PERRY, Senior Justice, concurring in part and dissenting in part.
I concur in the majority‘s conclusion that Gaskin‘s claim of improper doubling is untimely and procedurally barred. See majority op. at 4. However, I
I dissent because Hurst v. Florida does apply retroactively to Gaskin‘s case. In his present appeal, Gaskin once again challenges the constitutionality of Florida‘s death penalty statute. The majority concluded that Gaskin was not eligible for Hurst v. Florida relief because Gaskin‘s sentences became final in 1993, before the United States Supreme Court decided Ring v. Arizona, 536 U.S. 584 (2002).
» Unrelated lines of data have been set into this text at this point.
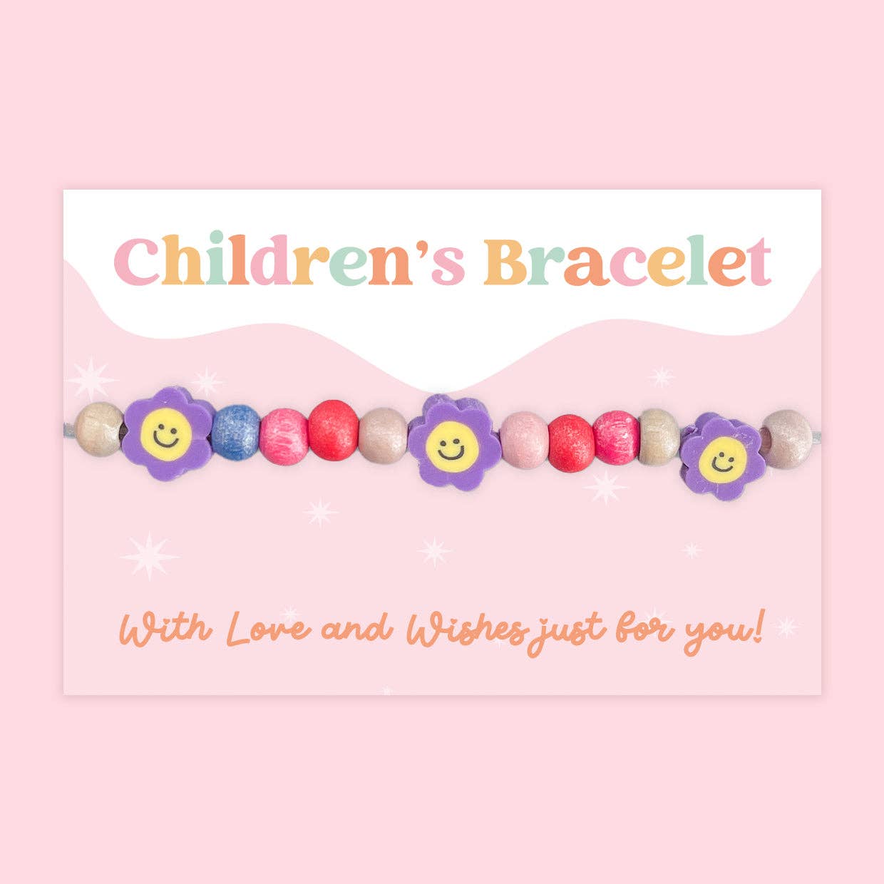 Smiling Flower Charm WishStrings Children’s Beaded Stretch Bracelet on Illustrated Gift Card | Positivity & Friendship Gift Product Occasion: * • Thoughtful Gift * • Positivity Gift * • Friendship Gift * • Birthday Gift * • Children’s Gift * • Summer Gift * • Best Friend Gift * • Celebration Gift * • Just Because Gift ♥ Smiling Flower Charms: Features adorable flower-shaped charms with happy smiling faces, spreading joy and positivity wherever they go.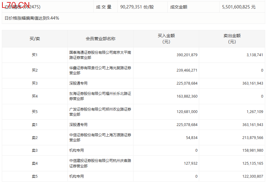 立讯精密今日涨停,作手新一席位净买入3.87亿元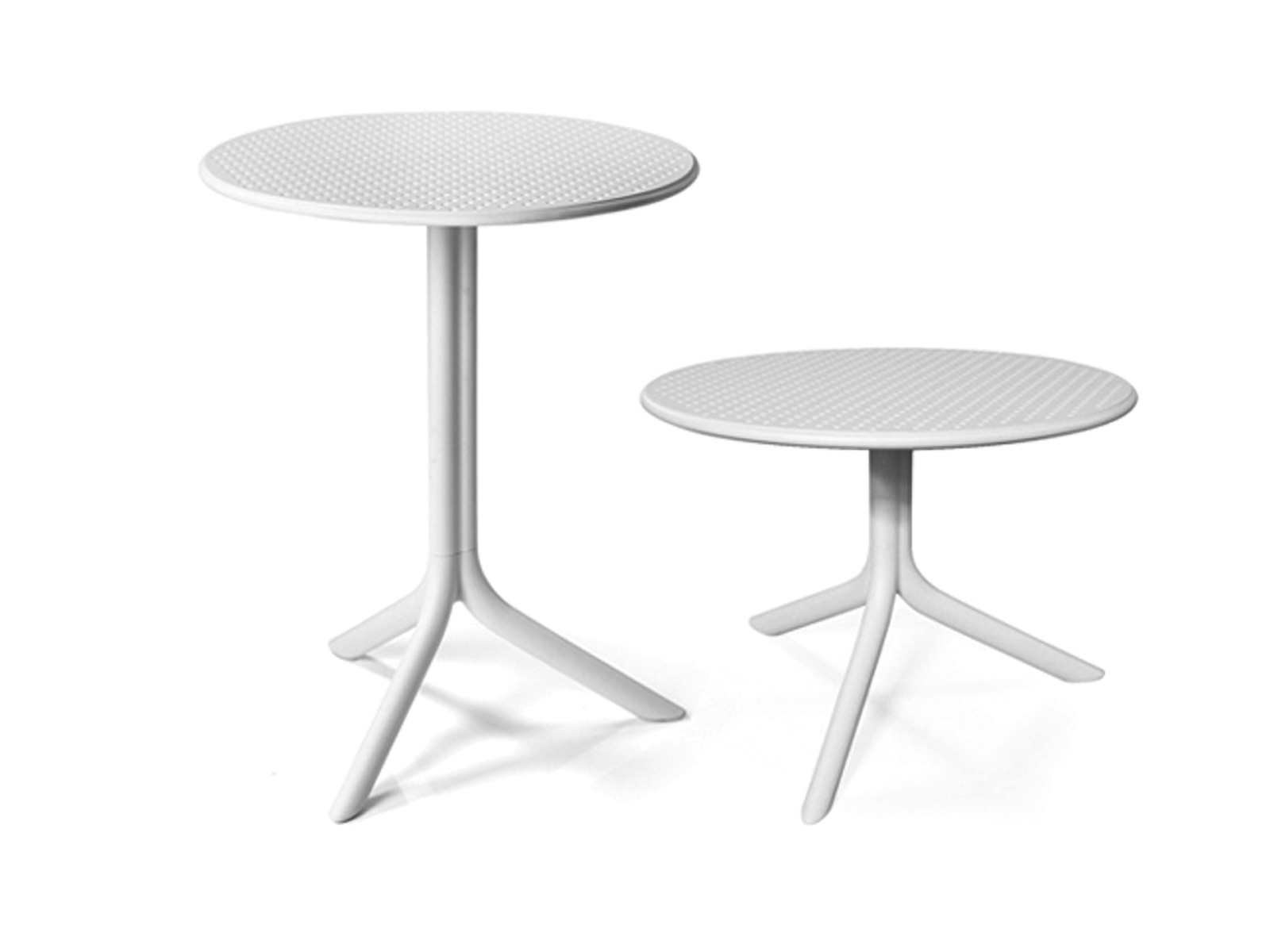 Központi oszlopos, üvegszállal erősített UV álló matt felületű, műanyagvázas asztal és kisasztal, csúszásgátló lábvégekkel, mintás műanyag asztallappal. Kültérre is ajánlott.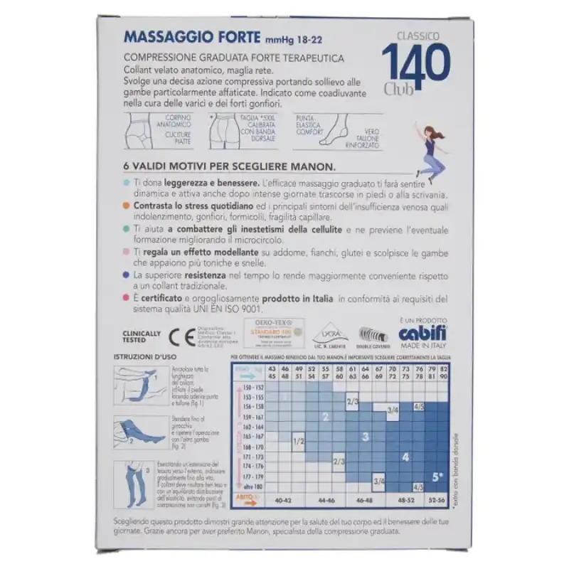Masaj mmHg 18-22 Compresie gradata terapeutica puternica Colanti anatomici transparenti, plasa plasa. Realizează o acțiune puternică de compresiune, aducând ușurare picioarelor deosebit de obosite. Indicat ca adjuvant în tratamentul varicelor și umflăturilor severe. Corset anatomic - Cusături plate Mărime * 5XXL calibrat - Cu bandă dorsală Deget elastic confortabil - Toc real * întărit suplimentar cu bandă dorsală 6 Motive bune pentru a alege Manon. - Iti ofera lejeritate si stare de bine. Masajul eficient gradat te va face sa te simti dinamic si activ chiar si dupa zile intense petrecute in picioare sau la birou. - Contrastează stresul zilnic și principalele simptome ale insuficienței venoase precum durere, umflături, furnicături, fragilitate capilară. - Te ajuta sa combati imperfectiunile celulitei si previne eventuala ei formare prin imbunatatirea microcirculatiei. - Iti ofera un efect de modelare asupra abdomenului, soldurilor, feselor si sculpteaza picioarele care par mai tonifiate si mai subtiri. - Rezistenta superioara in timp il face mai convenabil decat colantii traditionali. - Este certificat și produs cu mândrie în Italia în conformitate cu cerințele sistemului de calitate UNI EN ISO 9001. Este un produs cabifi Made in Italy Alegând acest produs, dați o mare atenție sănătății corpului dumneavoastră și bunăstării. din zilele tale. Vă mulțumim din nou pentru că ați ales-o pe Manon, specialist absolvent în compresie. Instrucțiuni de utilizare 1. Înfășurați chiloții pe toată lungimea, introduceți piciorul făcând să se lipească degetul și călcâiul (fig. 1) 2. Întindeți până la genunchi și repetați operația cu celălalt picior (fig. 2) 3 Exersând o extensie a țesăturii spre exterior, purtați treptat până la talie. Colantii trebuie sa fie bine intinsi si cu o distributie echilibrata a elasticitatii, evitand punctele de compresie incorecte (fig. 3.). Avertismente Spălați manual cu săpun neutru și lăsați să se usuce departe de surse de căldură

See majority op. at 5.
For the reasons I dissented in part in Asay, I cannot agree with the majority‘s decision to limit the retroactive effect of Hurst v. Florida to those cases that were not final before Ring. See Asay v. State, No. SC16-223, 2016 WL 7406538 at *13 (Fla. Dec. 22, 2016) (Perry, J., dissenting). I would find that Hurst v. Florida applies retroactively regardless of whether a sentence became final before or after the Ring decision.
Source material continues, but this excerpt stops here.